Plus importante découverte depuis le XIXème siècle

 «Cette découverte consacre l'Égypte comme une zone archéologique où il reste beaucoup à découvrir», relève pour Vatican News, Alessia Amenta, conservatrice du prestigieux département des Antiquités égyptiennes et du Proche-Orient aux Musées du Vatican. «Des découvertes aussi importantes n'avaient pas été enregistrées depuis la fin du XIXème siècle», ajoute-t-elle. Dans la région de Saqqarah, ces derniers mois, d'importantes fouilles menées par des équipes égyptiennes sont en effet toujours cours: «En octobre déjà, une soixantaine de sarcophages ont été trouvés. C'est l'une des plus grandes nécropoles: un lieu de sépulture important pour toute l'histoire de l'Égypte ancienne». 

Momies à l'intérieur des sarcophages
Momies à l'intérieur des sarcophages

Selon les autorités du Caire, les archéologues espèrent retrouver bientôt les ateliers, où ces chefs-d'œuvre en bois ont été réalisés. «Saqqarah a toujours rendu de grands trésors, et voici que ce site met à l'honneur les nombreuses missions archéologiques étrangères. Chaque année, d'importantes découvertes de tombes contenant des pièces archéologiques significatives y sont faites», poursuit l’égyptologue au service des musées pontificaux.  

Il est impressionnant de constater que des milliers d'années d'histoire n'ont donc pas affecté la préservation des découvertes. Cela grâce aux «conditions climatiques qui, dans ces tombes, maintiennent une température et une humidité constantes, qui ont permis une parfaite conservation des momies et des matériaux fragiles comme le bois», précise Alessia Amenta.
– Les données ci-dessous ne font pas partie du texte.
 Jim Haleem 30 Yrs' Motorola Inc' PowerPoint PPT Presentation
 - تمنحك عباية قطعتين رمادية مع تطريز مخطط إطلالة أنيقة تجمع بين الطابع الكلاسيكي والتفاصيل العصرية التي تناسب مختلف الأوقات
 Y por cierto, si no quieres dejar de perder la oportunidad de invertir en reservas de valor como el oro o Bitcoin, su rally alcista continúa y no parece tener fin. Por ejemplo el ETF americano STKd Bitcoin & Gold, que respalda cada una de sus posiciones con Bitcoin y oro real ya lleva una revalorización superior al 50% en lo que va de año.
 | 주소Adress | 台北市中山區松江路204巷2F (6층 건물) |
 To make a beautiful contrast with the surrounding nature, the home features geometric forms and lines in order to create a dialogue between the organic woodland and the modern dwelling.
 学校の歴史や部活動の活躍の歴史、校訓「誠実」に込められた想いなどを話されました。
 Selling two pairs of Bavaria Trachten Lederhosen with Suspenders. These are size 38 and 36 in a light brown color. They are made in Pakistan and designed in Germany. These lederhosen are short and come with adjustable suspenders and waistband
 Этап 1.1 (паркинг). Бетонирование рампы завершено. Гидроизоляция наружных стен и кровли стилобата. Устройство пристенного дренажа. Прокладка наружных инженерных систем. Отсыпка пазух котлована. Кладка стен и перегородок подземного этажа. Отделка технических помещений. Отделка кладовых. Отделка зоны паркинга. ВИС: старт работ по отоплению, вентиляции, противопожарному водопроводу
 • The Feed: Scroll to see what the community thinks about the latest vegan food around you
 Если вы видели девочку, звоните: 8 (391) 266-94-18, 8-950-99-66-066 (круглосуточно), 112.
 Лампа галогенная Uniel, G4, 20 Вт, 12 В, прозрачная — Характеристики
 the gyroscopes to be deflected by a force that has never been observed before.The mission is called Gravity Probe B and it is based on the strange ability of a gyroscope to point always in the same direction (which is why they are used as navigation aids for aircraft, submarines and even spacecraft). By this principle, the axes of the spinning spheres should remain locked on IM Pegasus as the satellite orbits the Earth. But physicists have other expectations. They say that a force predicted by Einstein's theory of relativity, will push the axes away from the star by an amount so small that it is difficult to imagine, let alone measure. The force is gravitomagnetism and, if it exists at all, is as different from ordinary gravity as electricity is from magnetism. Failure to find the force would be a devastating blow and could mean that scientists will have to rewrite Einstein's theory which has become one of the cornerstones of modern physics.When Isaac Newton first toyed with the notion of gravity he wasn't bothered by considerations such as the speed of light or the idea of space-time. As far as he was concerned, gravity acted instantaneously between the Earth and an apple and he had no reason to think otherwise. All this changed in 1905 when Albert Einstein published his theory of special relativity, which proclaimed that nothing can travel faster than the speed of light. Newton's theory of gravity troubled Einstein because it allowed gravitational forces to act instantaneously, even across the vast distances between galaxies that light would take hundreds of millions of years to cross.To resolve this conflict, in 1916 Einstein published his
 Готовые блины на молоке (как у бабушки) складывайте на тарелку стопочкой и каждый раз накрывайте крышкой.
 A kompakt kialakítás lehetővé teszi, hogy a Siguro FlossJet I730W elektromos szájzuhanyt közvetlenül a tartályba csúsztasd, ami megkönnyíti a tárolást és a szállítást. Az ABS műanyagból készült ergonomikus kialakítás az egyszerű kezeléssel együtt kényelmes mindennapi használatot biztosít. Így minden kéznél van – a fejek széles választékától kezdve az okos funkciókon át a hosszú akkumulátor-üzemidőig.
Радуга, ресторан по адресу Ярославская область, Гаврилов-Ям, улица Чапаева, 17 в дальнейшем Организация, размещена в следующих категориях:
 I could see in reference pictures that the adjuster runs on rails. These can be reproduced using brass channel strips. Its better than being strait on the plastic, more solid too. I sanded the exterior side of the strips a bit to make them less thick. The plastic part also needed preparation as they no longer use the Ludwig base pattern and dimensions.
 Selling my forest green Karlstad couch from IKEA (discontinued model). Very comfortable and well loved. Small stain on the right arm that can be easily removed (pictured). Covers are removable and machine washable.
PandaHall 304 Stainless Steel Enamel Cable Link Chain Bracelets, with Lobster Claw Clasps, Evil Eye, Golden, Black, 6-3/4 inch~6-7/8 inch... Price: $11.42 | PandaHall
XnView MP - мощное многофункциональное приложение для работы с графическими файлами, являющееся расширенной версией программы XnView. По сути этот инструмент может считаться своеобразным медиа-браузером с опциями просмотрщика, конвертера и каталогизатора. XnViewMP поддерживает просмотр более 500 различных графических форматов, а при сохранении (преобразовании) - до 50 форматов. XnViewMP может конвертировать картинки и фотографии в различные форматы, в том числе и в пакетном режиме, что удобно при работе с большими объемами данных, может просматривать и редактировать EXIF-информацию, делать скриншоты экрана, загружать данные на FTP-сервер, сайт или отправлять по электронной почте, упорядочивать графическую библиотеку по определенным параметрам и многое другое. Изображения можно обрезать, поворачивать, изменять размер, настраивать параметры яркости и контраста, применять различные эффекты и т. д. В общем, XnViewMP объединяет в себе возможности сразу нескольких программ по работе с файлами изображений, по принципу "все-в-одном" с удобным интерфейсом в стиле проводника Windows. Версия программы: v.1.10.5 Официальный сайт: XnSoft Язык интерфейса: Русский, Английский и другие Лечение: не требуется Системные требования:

Saqqarah n’a pas encore tout révélé

Le site de Saqqarah, qui se trouve à un peu plus de 15 kilomètres au sud des pyramides du plateau de Gizeh, abrite la nécropole de Memphis, capitale de l'Égypte ancienne. Il est classé au Patrimoine mondial de l'Unesco et est connu pour la célèbre pyramide à degrés du pharaon Djéser, la première de l'ère pharaonique.  Selon le gouvernement égyptien, il n'a pas encore cessé de révéler son immense contenu... Doit-on s'attendre à de nouvelles grandes découvertes? «Probablement oui», estime l’archéologue et conservatrice des Musées du Vatican. «Saqqarah a toujours été le théâtre de grandes découvertes. La nécropole est vaste, née à l'aube de l'État pharaonique, au milieu du troisième millénaire avant J.-C..»

D'un point de vue historique, ces découvertes révèlent de nouveaux aspects de l'Égypte ancienne. Tout d'abord, «d'un point de vue prosopographique (ndlr,  science auxiliaire de l'histoire, qui étudie la filiation et la carrière des grands personnages): la reconstruction des familles ou des identités des personnes appartenant à la bureaucratie locale permet de reconstruire l'Histoire. À travers les titres de ces personnages, il devient possible de retracer l'organisation de la machine étatique de l'époque», conclut Alessia Amenta.